[Opening Records for the task section]

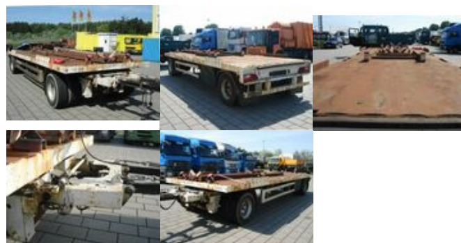
Renders Anh Containeranhänger Anhänger für Absatzcontainer

Preis (brutto): 3.451,00 € Gesetzl. MwSt. 19%: 551,00 €
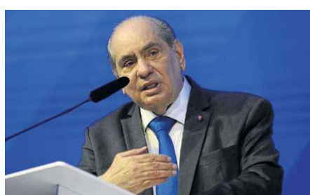
Marcelo Freixo/CB/D.A. Press

A CNC informou que “vai manter a efetividade das ações no Senado Federal, no sentido de preservação das entidades, assim como a atuação no Executivo, a depender do resultado da matéria no âmbito do Legislativo”. O presidente José Roberto Tadros levou o assunto pessoalmente ao presidente Lula para evitar a sanção.
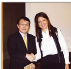
Απονομή ανάμν. πλακέτας στον Καθ. Sugawara

Στο Προσυνεδριακό Σεμινάριο, που πραγματοποιήθηκε στις 28/9/2012, ανέπτυξε ο Καθηγητής Junji Sugawara το θέμα «Εξελίξεις στην Ορθοδοντική με το σύστημα σκελετικής στήριξης (SAS)». Ο καθ. Sugawara παρουσίασε πολλές κλινικές περιπτώσεις εμφύθισης, άπω μετακίνησης άνω πρώτων γομφίων μετά από εξαγωγές τρίτων γομφίων και αναφέρθηκε στα πλεονεκτήματα και στα μειονεκτήματα των πλακών οστεοσύνθεσης. Επίσης, μίλησε για χειρουργική διόρθωση της αντιστάθμισης των τομών σε ασθενείς σκελετικής τάξης III, με μια νέα προσέγγιση σε τέτοιου είδους θεραπείες μειώνοντας έτσι τον συνολικό χρόνο, με το χειρουργείο να προηγείται της ορθοδοντικής θεραπείας, Sendai Surgery First ονόμασε την τεχνική.
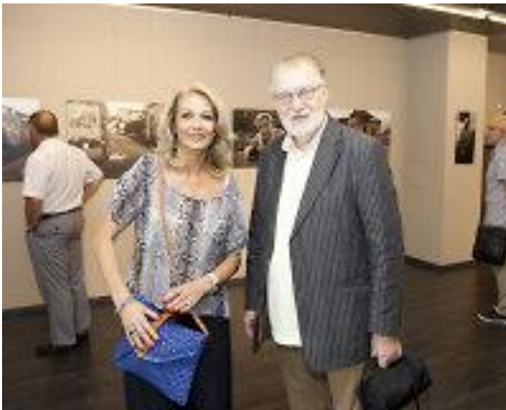
Gražina Baikštytė ir Juozas Budraitis
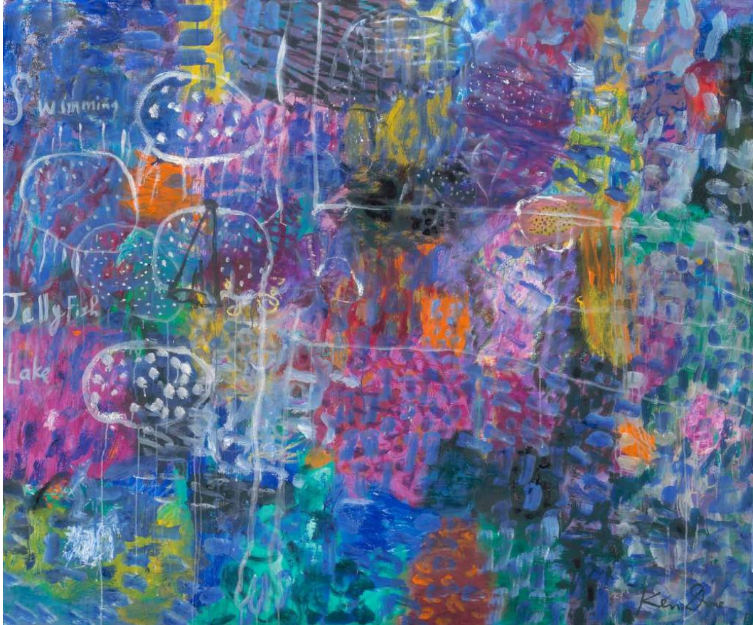
swimming in jellyfish lake, 152.5x183m, 2013

[Closing Records for the task section]

Exercise objective: Please repeat every record above exactly, but leave out the pictures.

Result of the exercise:
Renders Anh Containeranhänger Anhänger für Absatzcontainer

Preis (brutto): 3.451,00 € Gesetzl. MwSt. 19%: 551,00 €
Marcelo Freixo/CB/D.A. Press

A CNC informou que “vai manter a efetividade das ações no Senado Federal, no sentido de preservação das entidades, assim como a atuação no Executivo, a depender do resultado da matéria no âmbito do Legislativo”. O presidente José Roberto Tadros levou o assunto pessoalmente ao presidente Lula para evitar a sanção.
Απονομή ανάμν. πλακέτας στον Καθ. Sugawara

Στο Προσυνεδριακό Σεμινάριο, που πραγματοποιήθηκε στις 28/9/2012, ανέπτυξε ο Καθηγητής Junji Sugawara το θέμα «Εξελίξεις στην Ορθοδοντική με το σύστημα σκελετικής στήριξης (SAS)». Ο καθ. Sugawara παρουσίασε πολλές κλινικές περιπτώσεις εμφύθισης, άπω μετακίνησης άνω πρώτων γομφίων μετά από εξαγωγές τρίτων γομφίων και αναφέρθηκε στα πλεονεκτήματα και στα μειονεκτήματα των πλακών οστεοσύνθεσης. Επίσης, μίλησε για χειρουργική διόρθωση της αντιστάθμισης των τομών σε ασθενείς σκελετικής τάξης III, με μια νέα προσέγγιση σε τέτοιου είδους θεραπείες μειώνοντας έτσι τον συνολικό χρόνο, με το χειρουργείο να προηγείται της ορθοδοντικής θεραπείας, Sendai Surgery First ονόμασε την τεχνική.
Gražina Baikštytė ir Juozas Budraitis
swimming in jellyfish lake, 152.5x183m, 2013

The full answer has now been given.